Osborne Park is a suburb of Perth, Western Australia in the local government area of the City of Stirling and City of Vincent.

History
Osborne Park was named after William Osborne, a butcher who owned an abattoir and land on Wanneroo Road and who was elected to the Perth Road Board (the City of Stirling's predecessor), in 1875.

Osborne Park was part of an original crown grant of 6,020 acres given to T. R. C. Walters in 1840. After the death of Walters in 1874, William Osborne bought part of his estate, which included the area now known as Osborne Park.

The suburb was originally market gardens, due to rich peaty soil from the swamps between Lake Monger and Herdsman Lake.

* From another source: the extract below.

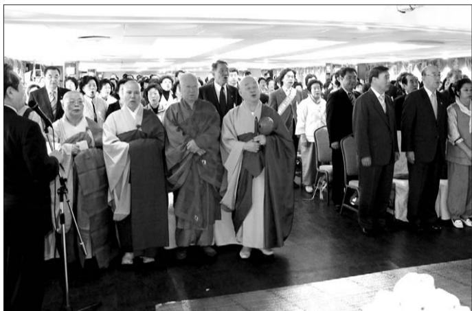
4월 26일 한강에서 열린 ‘나라와 중생을 위한 용왕대제’.

대한민국지키기불교도총연합회(공동회장 대표 박희도)와 대한불교조계종방생법회(회장 이근희)가 4월 26일 한강수상법당에서 ‘나라와 중생을 위한 용왕대제’를 봉행했다.

The area was popular among Chinese, Italian and Yugoslav settlers. The suburb was founded by a private trading concern and had a tram service in the early 1900s through an extension of the Perth tram system from the end of the Leederville line. The suburb is now served by Glendalough train station on the Joondalup line.

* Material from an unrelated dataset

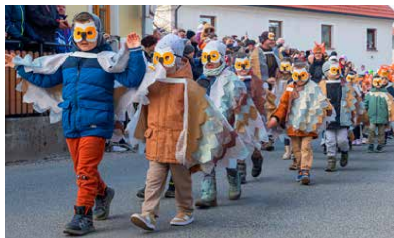
SOVE, Vrtec Mavrica Vojnik, igralnica 10

Osborne Park became a residential suburb after World War II, but by the 1980s, it was predominantly an industrial area, with only the north-eastern area still residential.

At present
Many warehouses, car yards and small businesses are located in Osborne Park, as well as larger retailers such as Harvey Norman, Officeworks, JB Hi-Fi, The Good Guys, IGA (formerly Supa Valu and Action Supermarkets). Scarborough Beach Road consists of the largest car yard precinct in Australia.

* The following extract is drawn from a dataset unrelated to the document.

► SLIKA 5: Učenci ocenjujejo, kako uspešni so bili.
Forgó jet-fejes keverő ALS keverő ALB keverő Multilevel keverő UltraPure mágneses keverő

Main Street in Osborne Park is the cafe, shopping and business strip, hosting cafes and restaurants such as Caffe Amaretto, Little Lebanon Restaurant, Siderno Caffe & Ristorante and Posto Matto. The Osborne Park shopping centre consists of major tenant IGA, Australia Post, Montello Gourmet Deli, Sondrea Espresso, Jean_Pierre's Prime Meats Butcher, Osborne Park Newsagency, Thip Mens Hair Design and Shoe Repairs/Cobbler. Next to the Osborne Park Shopping Centre is a family owned Osborne Park Hotel/Pub/Restaurant and Harry Brownes Liquor Store and Drive through Bottle Mart.